Assignment
Reproduce exactly, and only, the lines of the material below running from the line bearing "The daily methane" through the line bearing "これは、Pocket Mus". Leave any pictures out.

****************

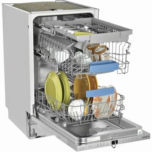 Another model from a well-known brand. It does not have a wide range of functions, but many buyers prefer it. Since the Bosch company is a budget purchase and a long service life. A 45 centimeter machine will become an indispensable assistant in the kitchen; it is possible to load up to 9 sets of dishes into it in one cycle. Moreover, there are only four washing modes, one of which is partial loading. This will require more than 10 liters of water. This is normal functionality for a budget look. Installing it in kitchens will not be difficult, many do it themselves.
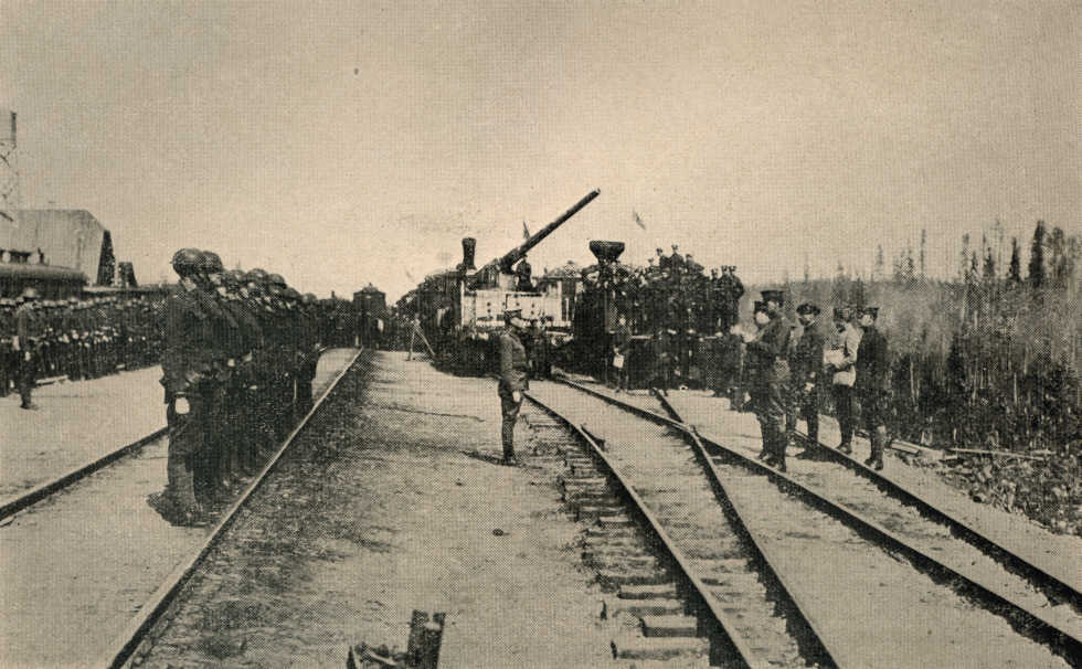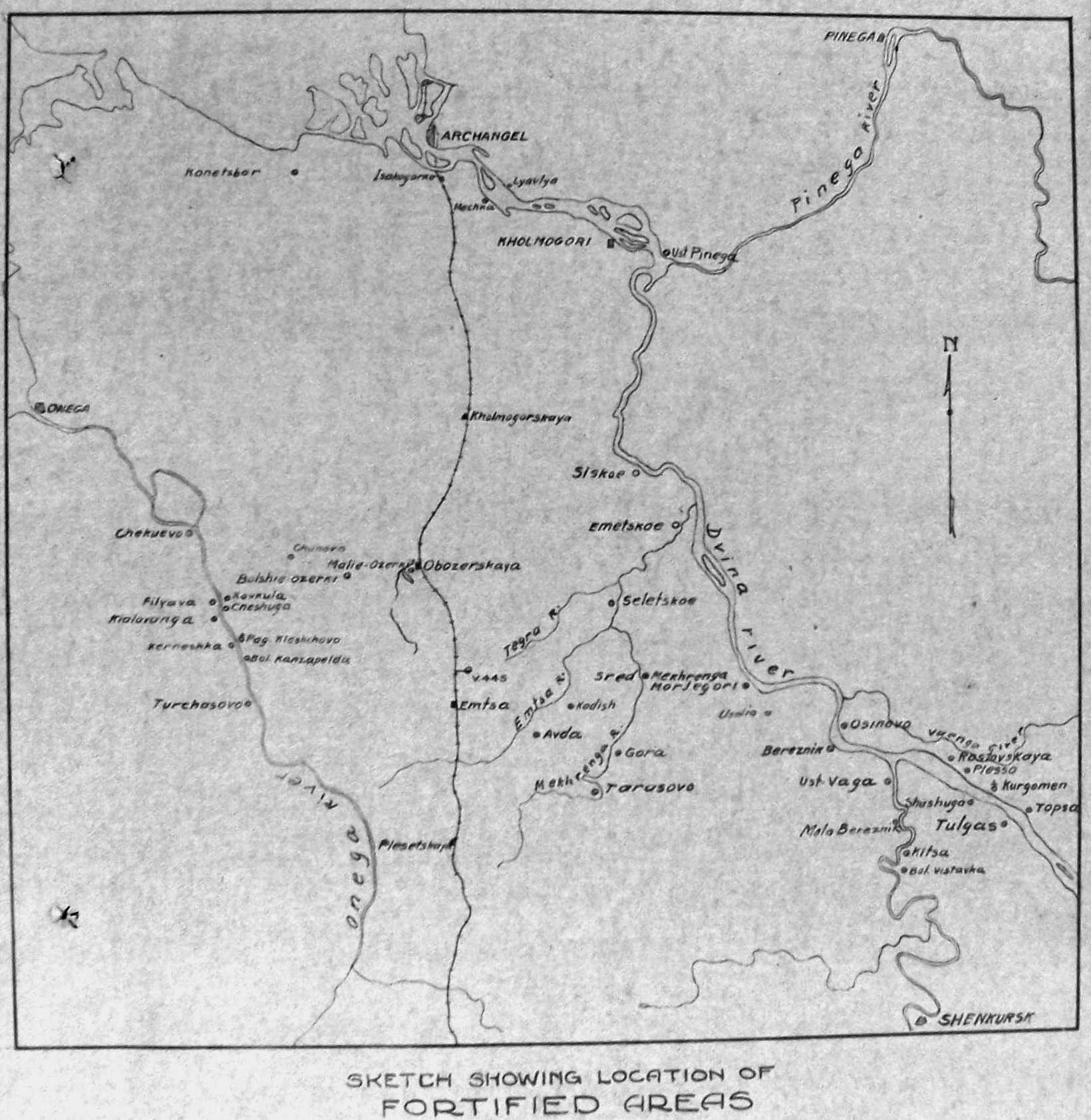 In the rainy fall season by their dash and valor they were to expel the Red Guards from the cities and villages of the state of Archangel, pursuing the enemy vigorously up the Dvina, the Vaga, the Onega and the Pinega Rivers, and up the Archangel-Vologda Railway and the Kodish-Plesetskaya-Petrograd state highway. They were to plant their entrenched outposts in a great irregular horseshoe line, one cork at Chekuevo, the toe at Ust-Padenga, the other cork of the shoe at Karpagorskaya. They were to run out from the city of Archangel long, long lines of communication, spread wide like the fingers of a great hand that sought seemingly to cover as much of North Russia as possible with Allied military protection.
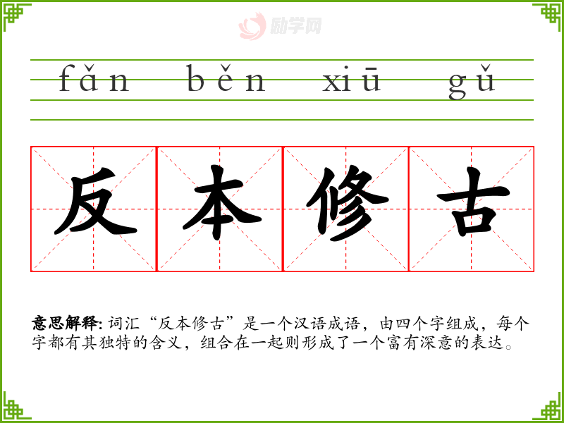 - “反本修古”是一个富有深意的成语,强调了回归本质和学*古代智慧的重要性。
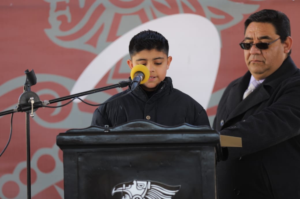 El alumno Alán Jesús Payán Cano, de 5 grado, se encargó de dar la bienvenida al Alcalde.
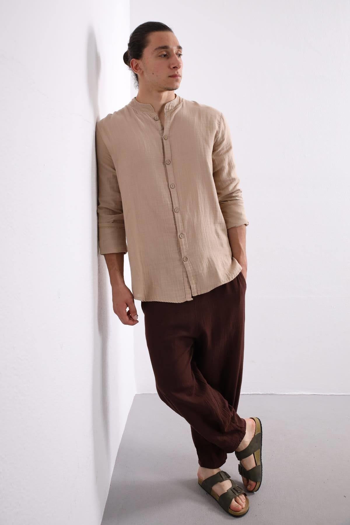 Camel-colored Mandarin Collar Cotton Shirt
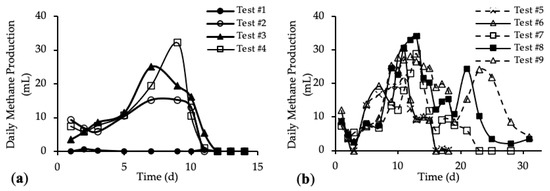 The daily methane production (DMP) is reported in Figure 5a,b. DMP trends with standard deviation are reported in Figure A3 in Appendix A.
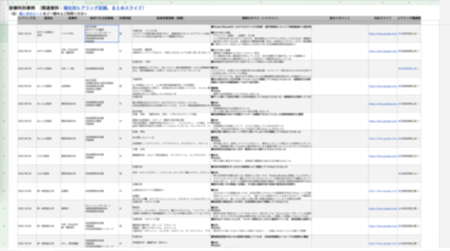 これは、Pocket Musubiをご活用いただいている患者さんを診療科別にリストアップ、そして、具体的な患者さんの様子を薬局さんにヒアリングして内容をまとめたもの。
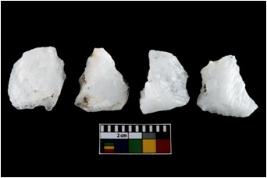 | Description / विवरण | There are n-4 of intact utilized flakes made up of Quartz. Some of them have bulge of percussion and some are flat flakes. |
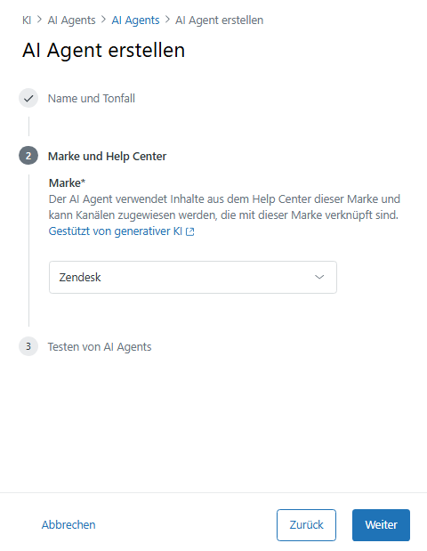 - Wählen Sie in der Dropdownliste Marke die Marke aus, für die Sie den AI Agent verwenden möchten.
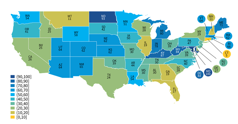 | WY | 89% | 73% | 0% | 48% | 75% | 100% | 16 | 32 | 50% |
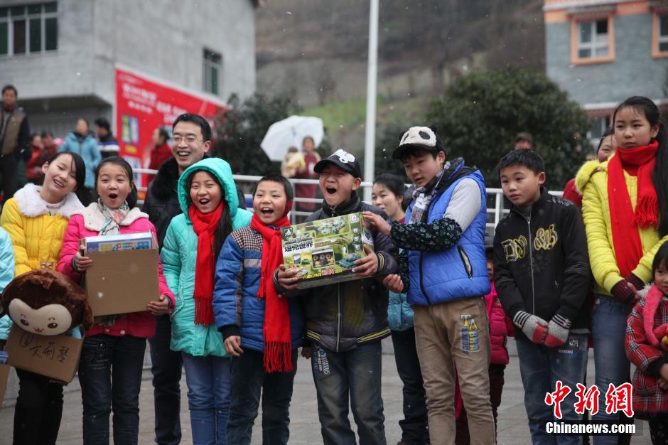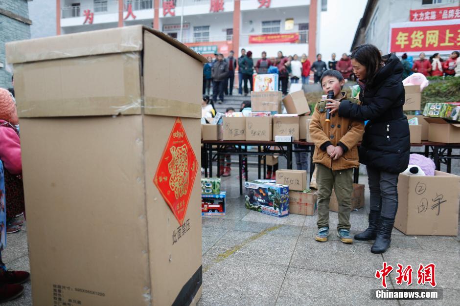 1月22日,四川省绵阳市北川县桃龙乡铁龙村举办留守儿童新年礼物发放活动。留守儿童李昂(化名)在活动现场收获“神秘礼物”——外出打工三年的父亲通过“快递”的方式将自己“运送”回孩子身边,以满足他盼望爸爸回家过年的愿望。据了解,此次活动由农村淘宝合伙人白丽与当地留守儿童学校教师共同发起,旨在为60余名留守儿童实现新年愿望。在愿望征集过程中,白丽和老师了解到李昂(化名)盼望父亲回家的心愿,故特意“策划”了一场惊喜,将李昂(化名)的父亲作为新年礼物“快递”到孩子身边。 中新社记者 王骏 摄

****************

Task answer
 The daily methane production (DMP) is reported in Figure 5a,b. DMP trends with standard deviation are reported in Figure A3 in Appendix A.
 これは、Pocket Musubiをご活用いただいている患者さんを診療科別にリストアップ、そして、具体的な患者さんの様子を薬局さんにヒアリングして内容をまとめたもの。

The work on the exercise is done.